Дом Наркомфина
«Ребят, расслабьтесь, вы не будете нас контролировать»: новая жизнь Наркомфина
Квартиры в доме Наркомфина купят друзья владельца, вместо готовки борща нужно ходить в «Кофеманию», а Шуховскую башню лучше пересобрать в Новой Москве: «Город» поговорил с главой группы «Коперник» Александром Сенаторовым о будущем строений-памятников.
- В 2007 году, когда вы занялись домом Наркомфина, то хотели делать бутик-отель, а теперь что там будет?
- В новой концепции мы сохраняем функцию, заложенную в первоначальный проект Моисея Гинзбурга. Жилой корпус остается жилым, тут будут частные квартиры. Коммунальный корпус остается публичным пространством: там, где была столовая — будет ресторан; где планировался детский сад — будет детский игровой центр. Ну и конечно, мы вернем дому первоначальный облик, который он потерял из-за того, что был застроен первый этаж. К тому же к коммунальному корпусу практичные люди пристроили гаражи и верхний ярус, а общее остекление они поделили на обычные окошки — ну чтоб открывались. Плюс сильно пострадал фасад, который был сделан из так называемого камышита — последний слог слова «шит» лучше всего характеризует этот материал.
- Можно сказать, камышит — это инновационный для того времени, но совсем не прочный материал.
- Ну как бы вам объяснить литературно?
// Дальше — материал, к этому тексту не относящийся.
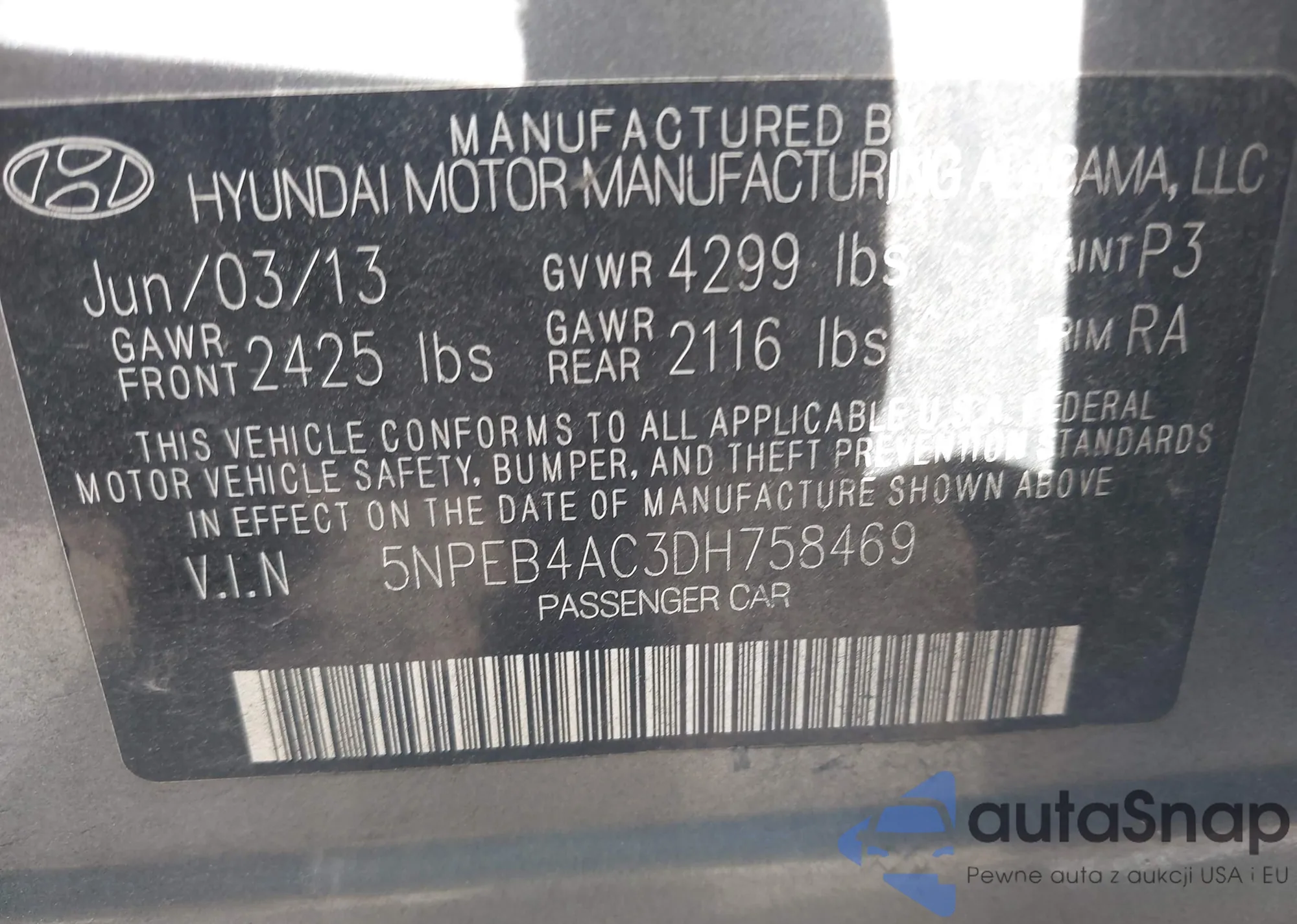 VIN: 5NPEB4AC3DH758469

Восемьдесят лет назад из говна пытались что-нибудь слепить. Никаких иллюзий о том, что мы в значительной степени сможем восстановить этот фасад из оригинального материала, у нас нет. Но с точки зрения экстерьера выглядеть новый фасад будет так же. Это к разговору о наследии — тот, кто не жертвует малым, теряет все. Ключевая ценность дома в его уникальных планировочных решениях — это мы сохраним. Но камышит уходит в историю.
- В 2007 году ваша команда экспертов, в том числе внук архитектора Гинзбурга, подготовила проект реставрации. Мосгорнаследие его согласовало. Почему вы решили менять проект и звать другого архитектора?
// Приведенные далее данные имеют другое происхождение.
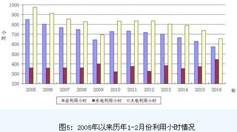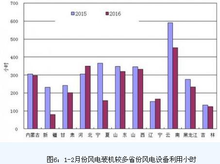 分類型看,1-2月份,全國水電設備平均利用小時445小時,同比增長72小時;水電裝機容量超過1000萬千瓦的7個省份中,只有青海同比下降50小時,其余省份都有所增加,其中湖南增長289小時,貴州增長121小時,廣西增長100小時。全國火電設備平均利用小時656小時,同比下降83小時,降幅比2015年同期擴大31小時;其中北京、河北、江蘇、安徽利用小時數接近或超過800小時;與上年同期相比,共有25個省份火電利用小時同比下降,其中,四川、西藏、青海及福建下降超過300小時。全國核電設備平均利用小時1025小時,同比下降68小時。全國風電設備平均利用小時263小時,同比下降39小時。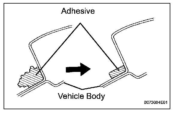 1. On the contact surface of the vehicle body, use a knife to cut away excess adhesive as shown in the illustration.

- Мы отказались от мысли делать бутик-отель потому, что не очень удобно его здесь делать. Эти квартиры хороши для жизни, но бестолковы как гостиничные номера. Такие большие апартаменты должны были бы стоить порядка $1500–2000 в сутки, чтобы гостиница была рентабельной. Никто не будет платить такие деньги — это еще притом, что мы не соответствуем никаким нормам для людей с ограниченными возможностями, тут элементарно в каждой квартире лестница. С тех пор как мы начали заниматься этим проектом, прошел кризис, прошел период плодотворного сотрудничества с краснознаменным Альфа-банком (Сенаторов несколько лет судился с банком. — Прим. ред.) — так что у нас было достаточно времени, чтобы разобраться в себе, в доме и в том, что тут стоит делать.
- Нынешний архитектор проекта — Николай Переслегин, советник руководителя Мосгорнаследия. То есть исполнитель и контролирующий орган тесно связаны. А будет ли, как того требуют активисты и историки архитектуры, какой-либо независимый наблюдательный экспертный совет?
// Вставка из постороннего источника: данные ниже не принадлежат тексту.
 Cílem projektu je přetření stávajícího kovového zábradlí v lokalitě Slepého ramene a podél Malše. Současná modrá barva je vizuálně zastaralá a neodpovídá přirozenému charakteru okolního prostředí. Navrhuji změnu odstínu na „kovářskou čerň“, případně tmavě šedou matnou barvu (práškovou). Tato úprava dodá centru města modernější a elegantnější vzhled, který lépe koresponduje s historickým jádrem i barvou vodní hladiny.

- Самые главные регуляторы этого проекта — это наш здравый смысл и совесть. Тут должен быть один человек, который принимает решения. Им буду я.
- Это прекрасно, когда есть добрая воля и здравый смысл. Но еще лучше, когда есть система, способная себя регулировать.
- У нас в стране нет никакой системы. Институциональность — это вообще не про нашу страну. И с какого перепугу именно здесь, при реставрации дома Наркомфина, мы должны построить некую систему, которая, видите ли, станет оберегать этот прекрасный памятник от инвестора, который уже вложил в него много лет своей жизни и несколько миллионов долларов своих денег? Пару месяцев назад мы встречались с этой обеспокоенной общественностью. Пришли люди, настроенные в разной степени агрессивно, задали вопросы и получили на них все ответы. Я показал им концепцию и все подробно рассказал. Но они уже встали на тропу войны и через некоторое время прислали письмо с вопросом: «А как же мы будем вас контролировать?» Ребят, расслабьтесь, никак вы не будете нас контролировать. И без вашего общественного контроля с нас достаточно официальной процедуры в Мосгорнаследии. Опыта реставрации конструктивизма нет ни у кого в нашей стране. А в мире таких, кто делал эту эпоху, наскребется, может быть, пара человек. Основа успеха — это мой здравый смысл и мой опыт. Я построил в Москве многое. Я понимаю, как решить задачи, которые еще никто не решал.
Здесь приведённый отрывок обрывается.